Let’s start with linear model ModelArray.lm(). We first need a formula defining the model. We mainly want to test how fixel FDC changes with age in adolescence, assuming it’s a linear relationship. We also add sex and in-scanner motion quantification dti64MeanRelRMS as covariates. Intercept will be automatically added.
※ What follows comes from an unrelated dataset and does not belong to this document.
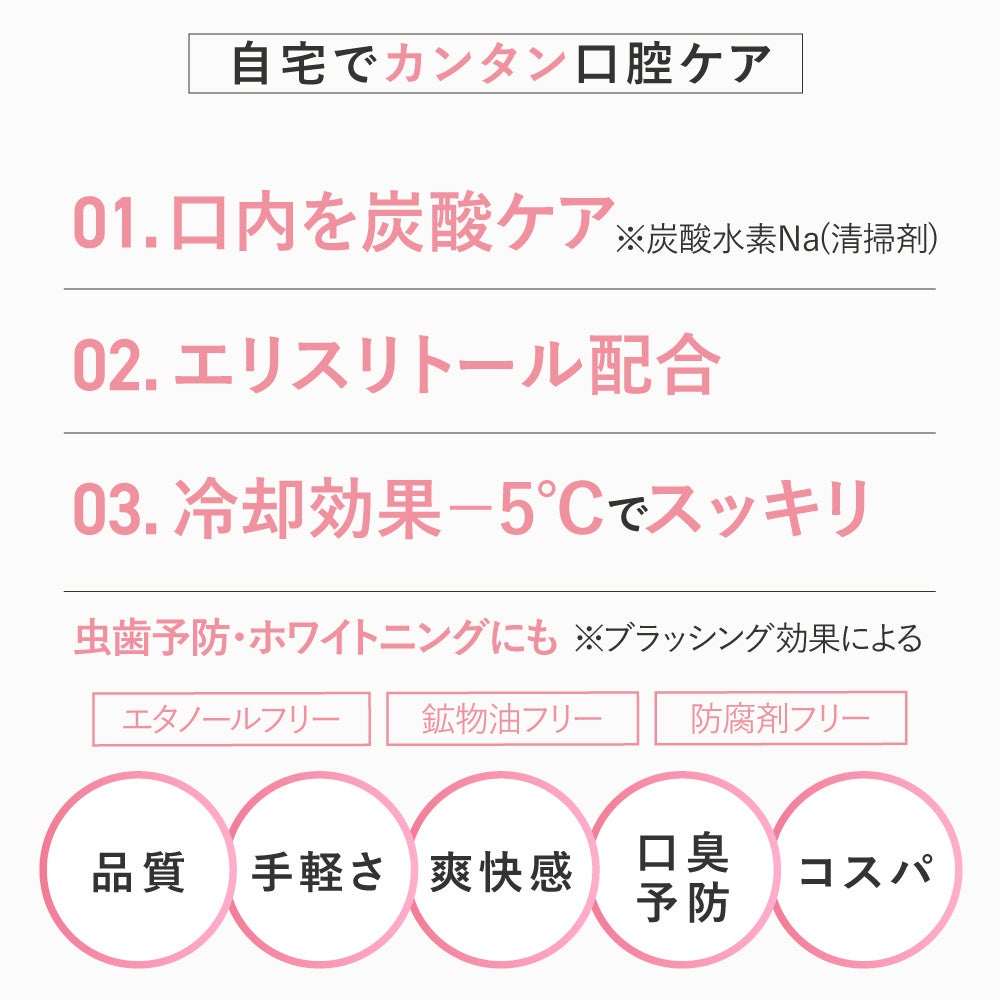 毎日の歯磨きをより効果的に!-5℃の冷却効果で歯茎をキュッと引き締め、炭酸ケア。口内すみずみに行き渡り、口臭の元になる渇きやネバつきをスッキリ除去します。

We first try it out on first 100 fixels before we running on all fixels:

# formula:
formula.lm <- FDC ~ Age + sex + dti64MeanRelRMS
# run linear model fitting with ModelArray.lm() on the first 100 fixels:
mylm.try <- ModelArray.lm(formula.lm, modelarray, phenotypes, "FDC",
                          element.subset = 1:100)

You’ll see:

subset: default 
weights: default 
na.action: default 
method: default 
model: default 
x: default 
y: default 
qr: default 
singular.ok: default 
contrasts: default 
offset: default 
Fitting element-wise linear models for FDC
initiating....
looping across elements....
  |++++++++++++++++++++++++++++++++++++++++++++++++++| 100% elapsed=06s  

It first printed how several options for lm were set, then worked on the model fitting. Let’s check the first 6 rows of the results, i.e. results of the first 6 fixels:

head(mylm.try)

You’ll see:

element_id Intercept.estimate Age.estimate sex.estimate dti64MeanRelRMS.estimate Intercept.statistic Age.statistic sex.statistic dti64MeanRelRMS.statistic Intercept.p.value Intercept.p.value.fdr Age.p.value Age.p.value.fdr sex.p.value sex.p.value.fdr dti64MeanRelRMS.p.value dti64MeanRelRMS.p.value.fdr model.adj.r.squared model.p.value model.p.value.fdr
0 0.1574554 0.0005079 0.0108810 -0.0067989 2.049316 0.1281586 0.4091826 -0.1915206 0.0431593 0.0644169 0.8982916 0.9946718 0.6833172 0.8444836 0.8485222 0.9952377 -0.0287295 0.9715544 0.9715544
1 0.2678434 0.0026411 -0.0180576 -0.0001476 2.956456 0.5651542 -0.5758993 -0.0035272 0.0039163 0.0081590 0.5732873 0.9946718 0.5660309 0.8143135 0.9971930 0.9971930 -0.0242065 0.8822558 0.9588263
2 0.3808456 0.0000743 -0.0247444 -0.0313025 3.697746 0.0139822 -0.6941623 -0.6577973 0.0003622 0.0016322 0.9888732 0.9946718 0.4892568 0.7900378 0.5122426 0.9952377 -0.0196619 0.7793740 0.9519001
3 0.3462063 -0.0015211 -0.0165382 -0.0110064 3.870265 -0.3296572 -0.5341844 -0.2663025 0.0001982 0.0010433 0.7423772 0.9946718 0.5944489 0.8143135 0.7905774 0.9952377 -0.0260748 0.9220699 0.9588263
4 0.3831223 -0.0012686 -0.0498778 -0.0169274 3.608630 -0.2316505 -1.3574013 -0.3450802 0.0004912 0.0017543 0.8173026 0.9946718 0.1778363 0.6969094 0.7307890 0.9952377 -0.0085248 0.5418155 0.9519001
5 0.3618128 -0.0008015 -0.0274349 -0.0088992 3.207225 -0.1377359 -0.7026583 -0.1707341 0.0018214 0.0044425 0.8907376 0.9946718 0.4839691 0.7900378 0.8647922 0.9952377 -0.0250535 0.9006376 0.9588263

As you can see, for each fixel, by default, ModelArray.lm() returns:

  • Several statistics for the Intercept, Age, sex, and motion dti64MeanRelRMS. These statistics include:
    • estimation of Intercept and the coefficients or slopes of other terms
    • t-statistics
    • p-value
    • p-value after FDR correction
  • Several statistics for the linear model, including:
    • adjusted R-squared
    • p-value
    • p-value after FDR correction

You may request more comprehensive statistics with the argument full.outputs=TRUE.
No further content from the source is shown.